In 2024, 25% of global warehouses have implemented automation in some form, while 10% have even advanced their automation technology. This is a major improvement from a decade back when only 5% of warehouses were automated. It’s clear that more companies are striving to automate their warehouses to improve their order fulfillment efficiency. The growing shortage of human labor is furthering the demand for automation.

Overall, warehouse automation delivers multiple benefits including:

  • Streamlined business operations
  • Lower dependence on human resources
  • Reduction in manual errors
  • Improved customer satisfaction
  • Lower operational costs

With their built-in scalability, automation solutions can also scale up the warehouse capacity to handle holiday shopping sales and seasonal demands. Flexible automation can also help retailers adapt to increased production needs.

That said, warehouse automation is difficult to implement and has its share of real-world challenges. Here’s a look at 5 such obstacles:

  1. Initial investment

To automate their warehouses, companies need to make significant investments upfront. Some of these relate to changes that are required in the warehouse makeup itself. Most automation systems today demand specific kinds of floor preparation. Most others also need the racks to be configured and laid out in a specific manner. Other requirements are linked to material handling equipment and systems like automatic robotics and conveyors. Besides, companies also incur long-term expenses in maintaining and upgrading their systems for future business growth and market demands.
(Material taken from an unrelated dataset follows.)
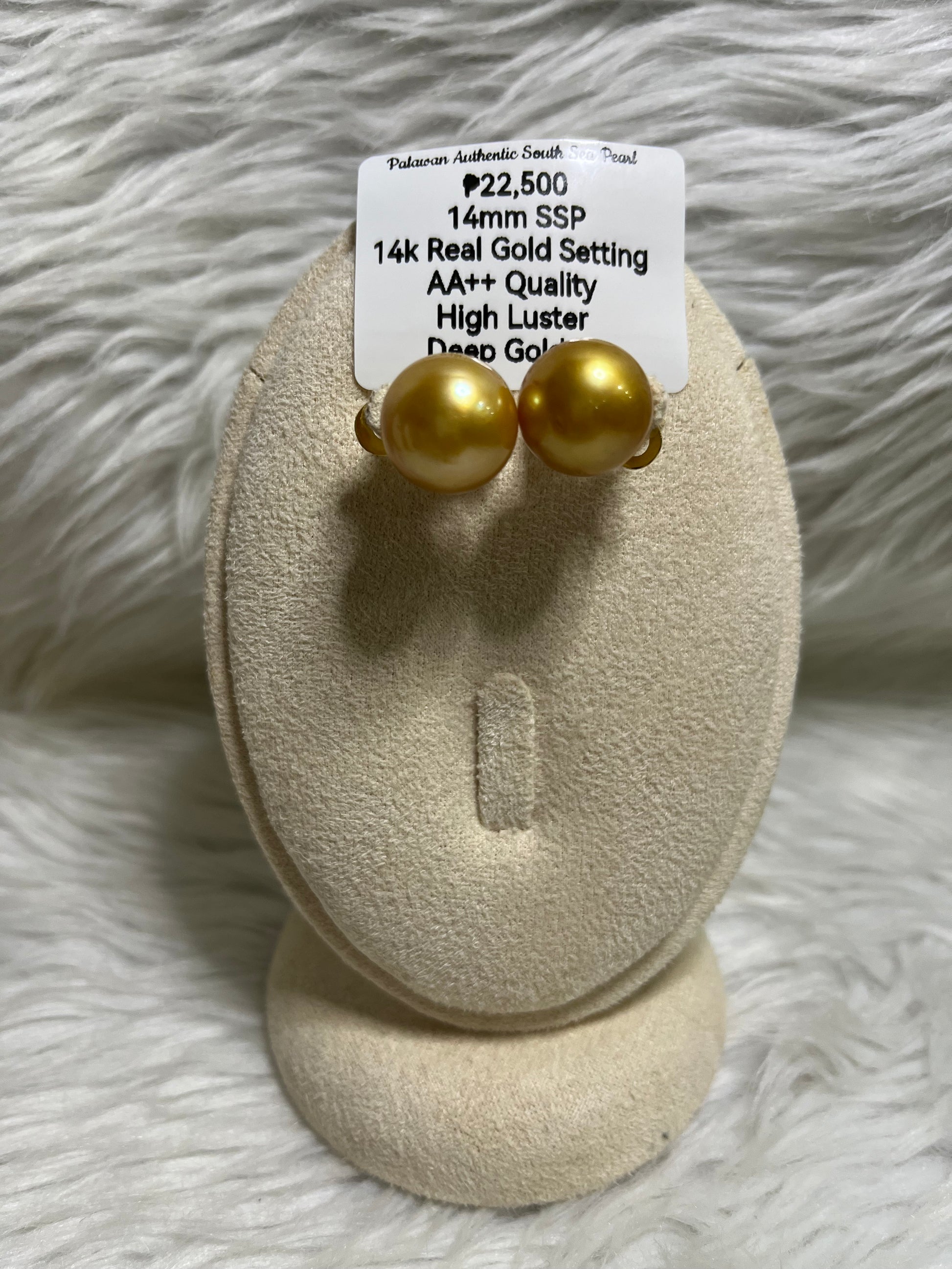 New Arrival! 14mm Authentic Deep Golden South Sea Pearl Earrings in 14k Real Gold Settings
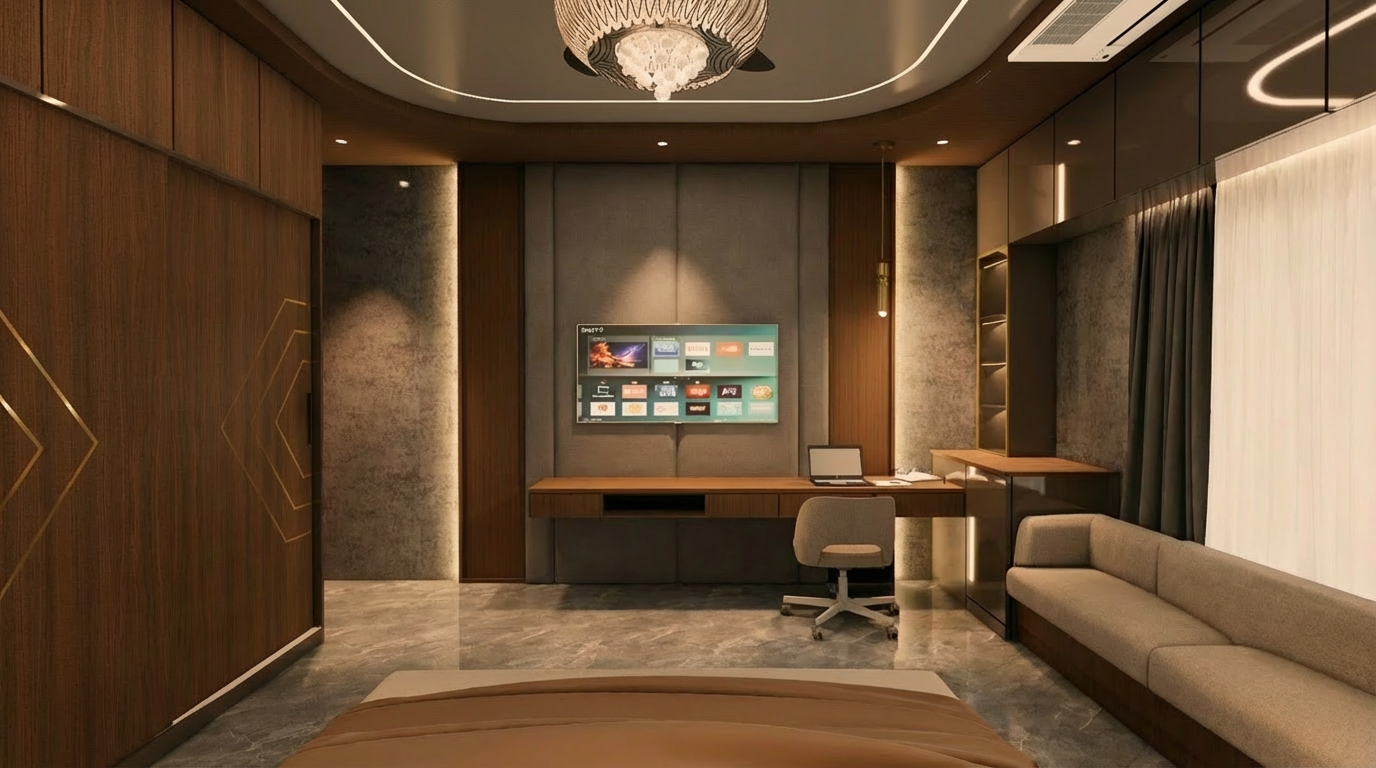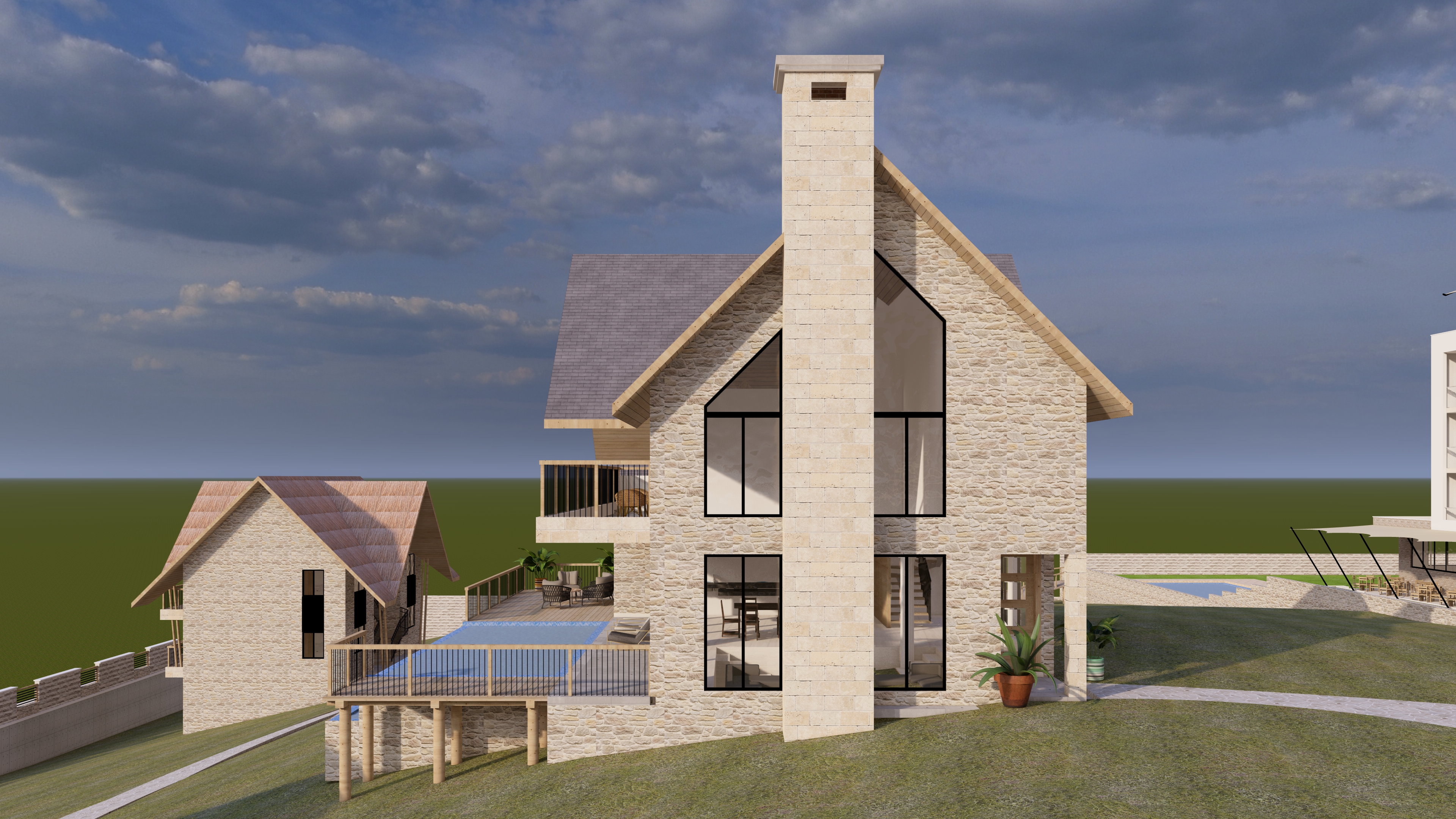 this is a model of a house add few trees in background for context add vegetation with some floral ones the pool that is on the model should be visible

With this cost factor and ROI concerns, warehouse managers are unable to justify the high business spending for automation tools. To meet this challenge,  companies need to implement automation with smaller incremental steps – instead of an end-to-end automation process that may face budget constraints. 

A quick-to-install, yet scalable automation solution is the best fit for small warehouses as it can sequentially implement automation across multiple stages of maturity.

  1. Integration

A majority of the existing warehouses have invested in technology-driven tools and systems to drive their operations. In this environment, automation tools cannot replace these legacy systems, but instead, must work along with them. Depending on the underlying technology, integration with third-party systems is a major hindrance to warehouse automation.

Some of the integration-related challenges include:

  • Lack of data synchronization due to proprietary data formats
  • Lack of compatibility with legacy systems and applications
  • Inadequate customization to meet the current business needs

When evaluating automation solutions, companies must look for efficient system integrators with experience in integrating different systems.

  1. Human challenges

U.S.-based warehouses employ around 1.8 million workers in 2024. Automation is expected to impact employment by 5.9% by 2033. Naturally, more warehouse workers are fearful of the impact of automation on their employment and daily work. To address the human challenge, companies must enable employees to “buy in” their automation initiatives from the initial stage.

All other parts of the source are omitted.